▸ WHAT THE EXERCISE ASKS
Pictures aside, write out the data exactly as it reads.

▸ DATASET SECTION
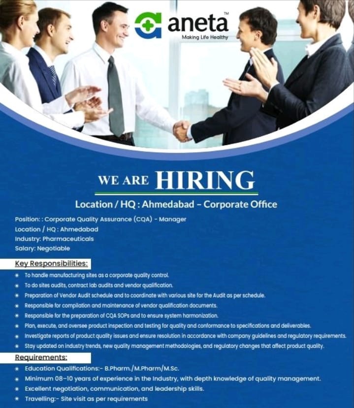 Aneta Pharmaceuticals Hiring 2025 : Are you looking for Pharma jobs in Ahmedabad with a reputed organization? Aneta Pharmaceuticals, a leading name in the pharmaceutical industry, is hiring for the position of Corporate Quality Assurance (CQA) – Manager at its Ahmedabad Corporate Office. This is an excellent opportunity for experienced professionals who want to advance their careers in quality management in pharmaceuticals.
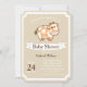 design com um convite gráfico de chá de fraldas branco de fita. Excelente para um animal fazenda ou chá temático geral para uma menina!
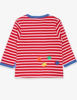 Here we have the lesser known multi-coloured triceratops. With her colourful horns and rainbow frill, she’s happily tucking into her healthy plant-based treat. Talking of treats, this long-sleeved stripy organic cotton T-shirt will keep your little one feeling cosy and snug. Our smaller sizes have neck popper fastenings – you’re welcome!

▸ RESULT OF THIS TASK
 Aneta Pharmaceuticals Hiring 2025 : Are you looking for Pharma jobs in Ahmedabad with a reputed organization? Aneta Pharmaceuticals, a leading name in the pharmaceutical industry, is hiring for the position of Corporate Quality Assurance (CQA) – Manager at its Ahmedabad Corporate Office. This is an excellent opportunity for experienced professionals who want to advance their careers in quality management in pharmaceuticals.
 design com um convite gráfico de chá de fraldas branco de fita. Excelente para um animal fazenda ou chá temático geral para uma menina!
 Here we have the lesser known multi-coloured triceratops. With her colourful horns and rainbow frill, she’s happily tucking into her healthy plant-based treat. Talking of treats, this long-sleeved stripy organic cotton T-shirt will keep your little one feeling cosy and snug. Our smaller sizes have neck popper fastenings – you’re welcome!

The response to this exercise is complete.